The final set of experiments is aimed at assessing the robustness of the approach with respect to large changes in scale between model and scene. It is worth noting that, by construction, the multiscale descriptor is invariant to a pure change of scale between model and scene since it is normalized over the mean edge length. It is, however, sensible to variations in mesh resolution, either due to a change of scale with a fixed resolution scanning system, or due to the use of acquisition processes at different resolutions. In particular, since the approach works under the assumption that scale-compatible assignments are present from the pool of fixed-scaled descriptors computed at multiple scales, the main breaking point is the need to increase the levels of scales considered to account for the expected changes in scales. The effect of this is the reduction of the inlier ratio, i.e., the ratio of correct assignments over all the strategies considered. In particular, since an inlier correspondence can insist only on one level per point, an n-fold increase in scale level induces an n-fold reduction in the inlier ratio, rendering the selection process much harder.
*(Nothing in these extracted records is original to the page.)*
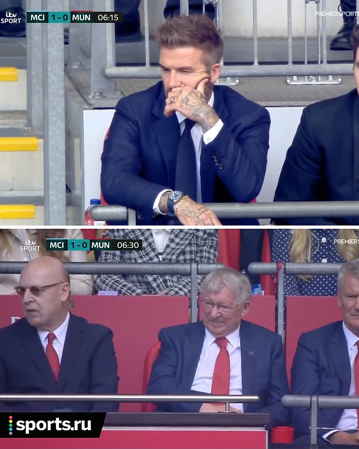 Поддержать «МЮ» на «Уэмбли» приехали легенды клуба – сэр Алекс Фергюсон и Дэвид Бекхэм. И они явно были не восторге от такого начала матча.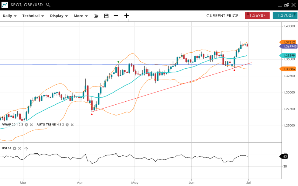 GBP/USD is bullish and moving impulsively. It trades at 1.3700, above the VWAP of 1.3559. RSI at 63 signals steady upward momentum. Support sits at 1.3358, and resistance at 1.3761.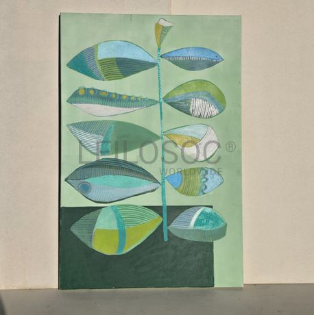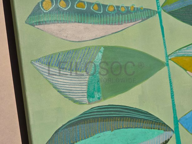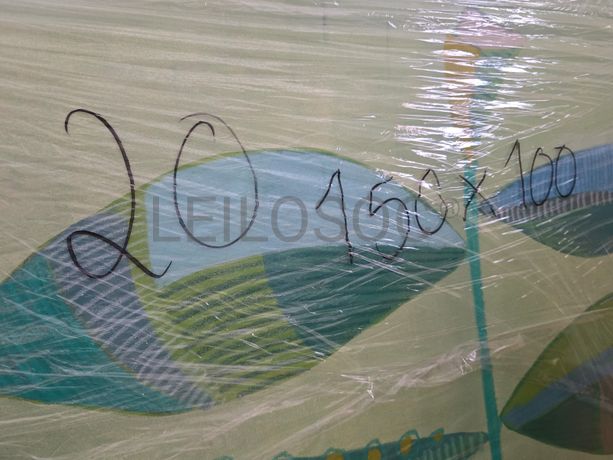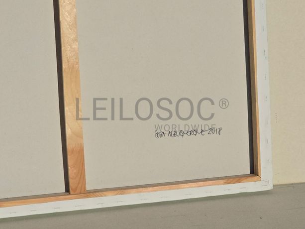 Tela pintada à mão, com assinatura de autora, estrutura de madeira, de 150x100 centímetros.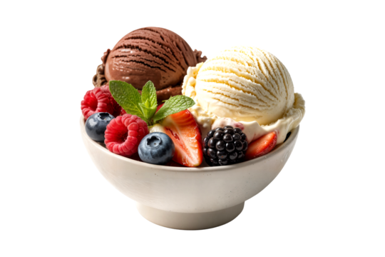 A bowl of chocolate and vanilla ice cream topped with a fresh mixed berry salad isolated on transparent background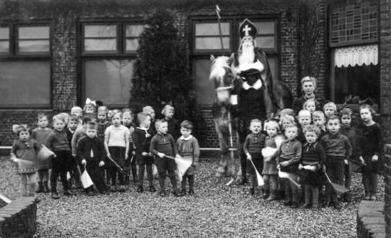 1948 – Sint met zwartgeschminkte figuur Onderwerp: paardzak/mandzwart schminkTijd: 1901-1950Regio: NederlandZuid: Zeeland, Noord-Brabant, LimburgSoort: foto Lees meer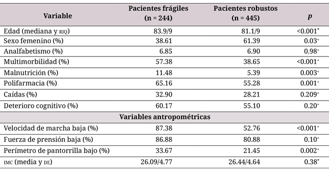 En total se estudiaron 689 pacientes, entre los cuales se encontró una prevalencia de fragilidad del 35.40 °%. Los participantes tenían una media de edad de 83.9 años (RIQ = 9) en el caso de pacientes con fragilidad, y de 81.1 años (RIQ = 9) para pacientes robustos (p < 0.001). El porcentaje de mujeres participantes con fragilidad fue del 38.61 %, y sin fragilidad, del 61.39 % (p = 0.03).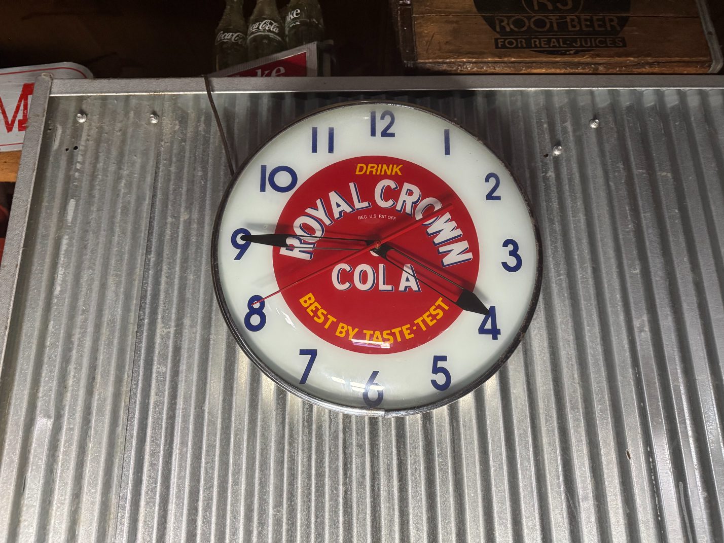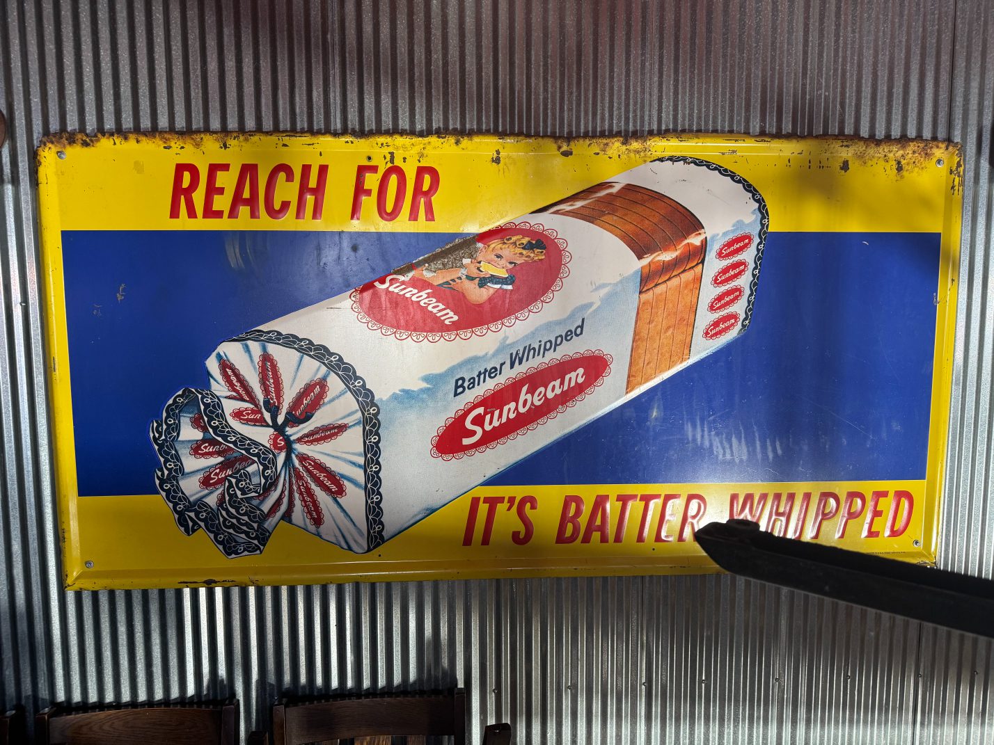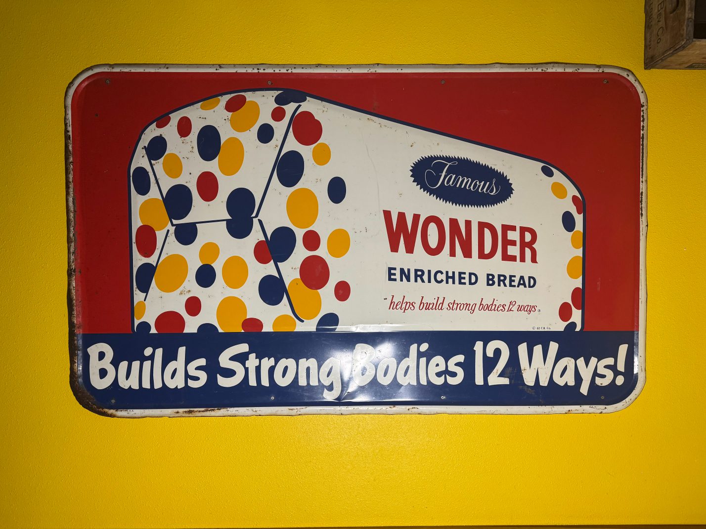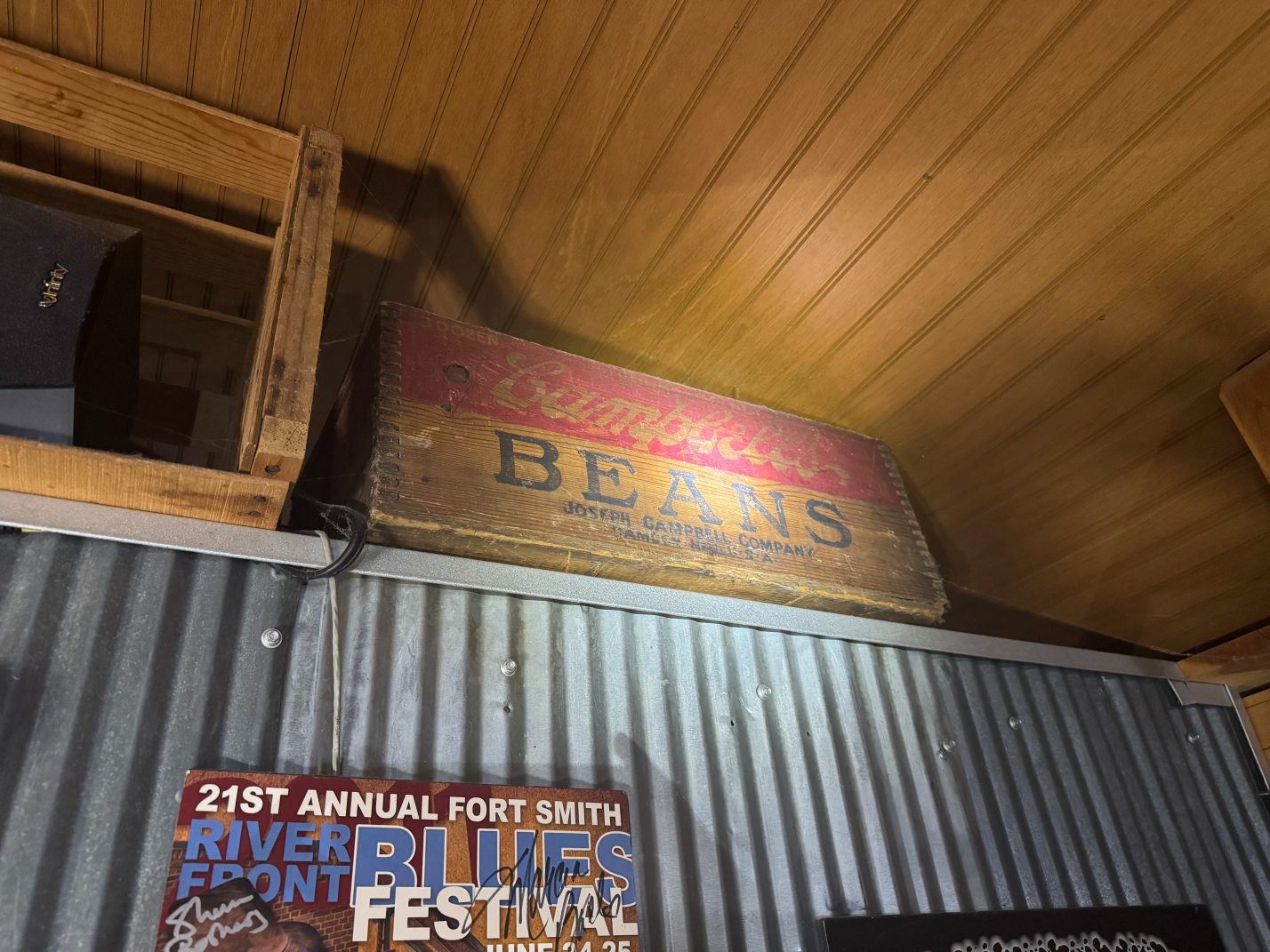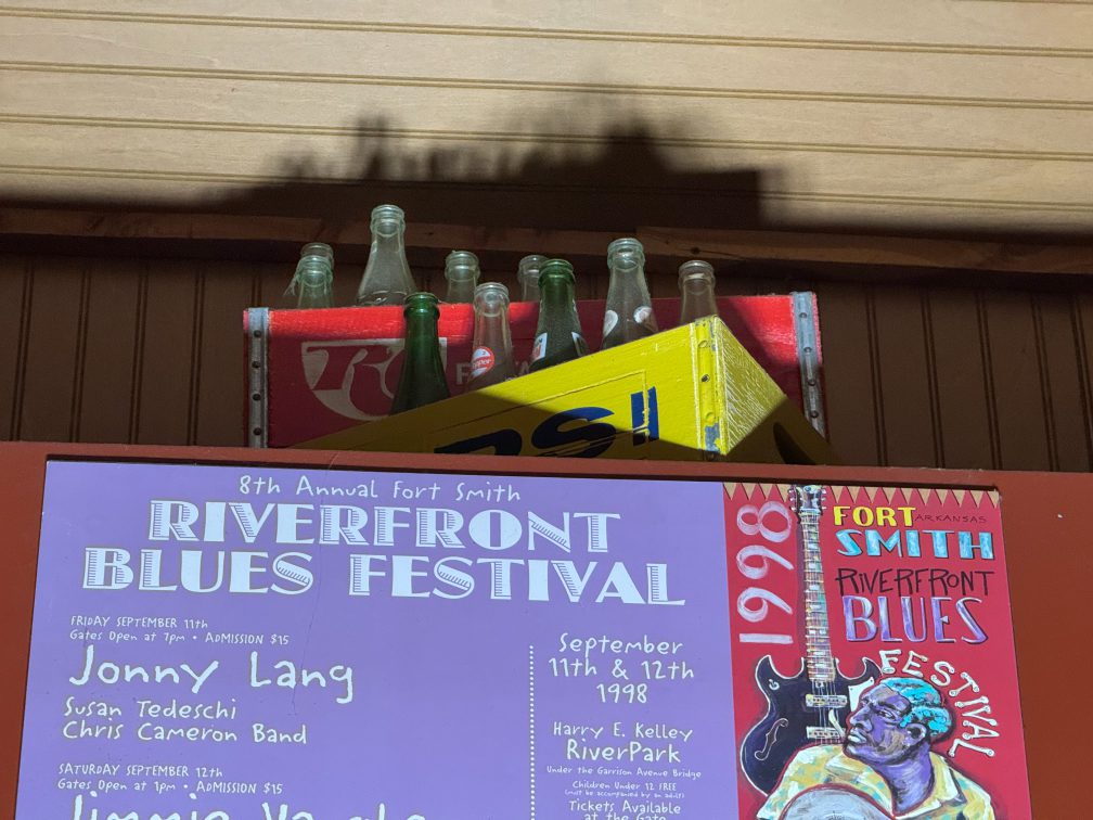 Signs: 5’x3′ Ranch Style Beans – 5’x3′ Wonder Bread – 6’x4′ RC Cola – 4 ½’x1 ½’ DR Pepper – 4 ½’x1 ½’ Coke – Coke Button – 3 ½’x1 ½’ Pepsi – Nehi – 4’x3′ Grapette – Mission Beverages – Double Cola (Flange) – 3 ½’x3′ S&H Green Stamps – Pet Milk – 6’x3′ Sunbeam Bread – Butter Nut Bread – Gardner’s Bread – 5’x1 ½’ Shipley’s Bread – Kern’s Bread Door Pull – 8’x1′ Boyd Grocery – Wabash Screen Door Co (Wooden) – Nichol Cola – KFFA 1360 – Orange Crush Chalk Board – Double Cola Chalk Board – Nesbitts Chalk Board – Five Roses Chalk Board – Street Signs – Pepsi Thermometer – RC Thermometer – Coke Clock – Barq’s Thermometer – RC Clock – Hires Clock – Blues Festival Posters

Figure 17 plots the recognition rate of the proposed approach on the benchmark dataset as we increase the scale radius of the descriptor and consequently the number of scales. The first number on the Multiscale Radius axis refers to the radius of the descriptor, while the numbers within parentheses give the actual number of scales induced by the choice of the radius. Hence, we span a five-fold increase in scales from 8 to 40. As it can be seen, the approach exhibits almost optimal performance up to 24 levels, and then has a linear degradation with higher levels, providing performance comparable to the state of the art even with 40 distinct levels, i.e. with a 40-fold reduction in inlier ratio with respect to the fixed scale recognition pipeline.

3.4 Performance Considerations

Following Sect. 2, it is of interest to carry out a performance evaluation of the proposed pipeline. We remind that in a typical matching scenario, only a subset of interesting points from model and scene take part to the matching game (see Sect. 2.2).

Given a payoff matrix and an initial set of candidate correspondences, the selection process is executed by means of evolutionary dynamics, for which it is difficult to give an upper bound for its convergence time. In the case of standard, first-order replicator dynamics (as per Eq. (2)), the computational complexity of each step is O(N ²), with N being the total number of strategies. For this reason replicator dynamics are rarely used in practice, even more so for large-scale problems, where the cardinality of the set of strategies can be in the order of thousands even after strong candidate rejection via descriptor priors. A faster alternative is provided by the infection-immunization dynamics (Rota Bulò and Bomze 2011), which has an O(N) complexity for each step; under this model, the time per iteration is only quadratic with respect to the number of mesh points, allowing to reach convergence in 4–5 seconds (around 15,000 iterations) with tens of thousands of strategies.^{Footnote 2} Figure 18 reports computational times of the pipeline for the scale-invariant game, using infection-immunization to compute the equilibria. The computation is dominated by the construction of the payoff matrix Π, while the matching step takes only a small fraction of time. It can be seen that the selection process attains an equilibrium within seconds even with thousands of strategies. The experiments were written in C++ and run on a Core i7 machine with 12 GB of memory.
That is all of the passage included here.